SeeSaw video-on-demand television website shuttered
SeeSaw video-on-demand television website shuttered

SeeSaw - the UK online video service which went live in February last year - has been shuttered, evidently because of the fact that it failed to offer any substantial competition to the bigger players in the online video market.

The television streaming service SeeSaw was based on the technology that media services company Arqiva developed for the doomed Project Kangaroo initiative; and it chiefly offered content from BBC Worldwide, Channel 4, Channel Five and some other production companies.

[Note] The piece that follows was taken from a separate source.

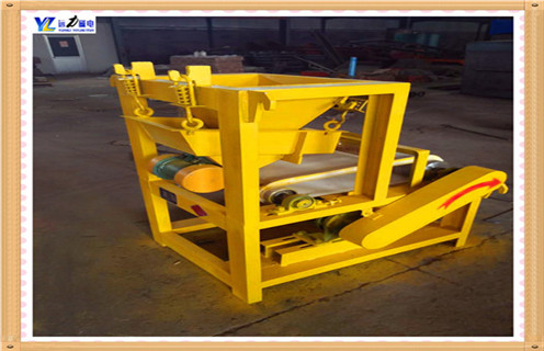 2、礦粒經輸送帶被送入上磁輥分選,由于鐵礦的礦粒有磁性,立即被強磁場吸附在磁輥上,脈石粒(雜石、砂土)由于沒有磁性(磁性很弱),磁輥的強磁對它不產生吸力,隨著磁輥的轉動,礦粒一直被吸在磁輥上,而脈石粒在磁輥轉到前端位置時被拋出掉在隔礦板的前面(通過改變隔礦板角度的大小可調整精礦的品位),礦粒繼續被磁輥帶到脫磁區時自動掉入一選集礦斗收集為精礦成品。

The content that the video-on-demand TV website offered included a wide array of `free-to-watch' shows which were essentially supported by advertising. While the service allowed the turning off of the advertisements for an optional charge; it also offered some premium `pay-to-watch' programmes.

However, a majority stake in the business was taken by a Criterion Capital Partners-led group of investors led by in July; and in the final days of the SeeSaw service, Channel 4 and Five withdrew from it. As such, the service was mostly restricted to archive content from the BBC ever since.

Of late, SeeSaw had been witnessing troubles galore, especially because of the departure of its top-notch executives who left the company after the critical investments that new owners had assured did not come through.

With lack of funds leading to the shuttering of the service, SeeSaw announced the shut down with this brief statement posted on its website: "Thanks for your support but SeeSaw is no longer available."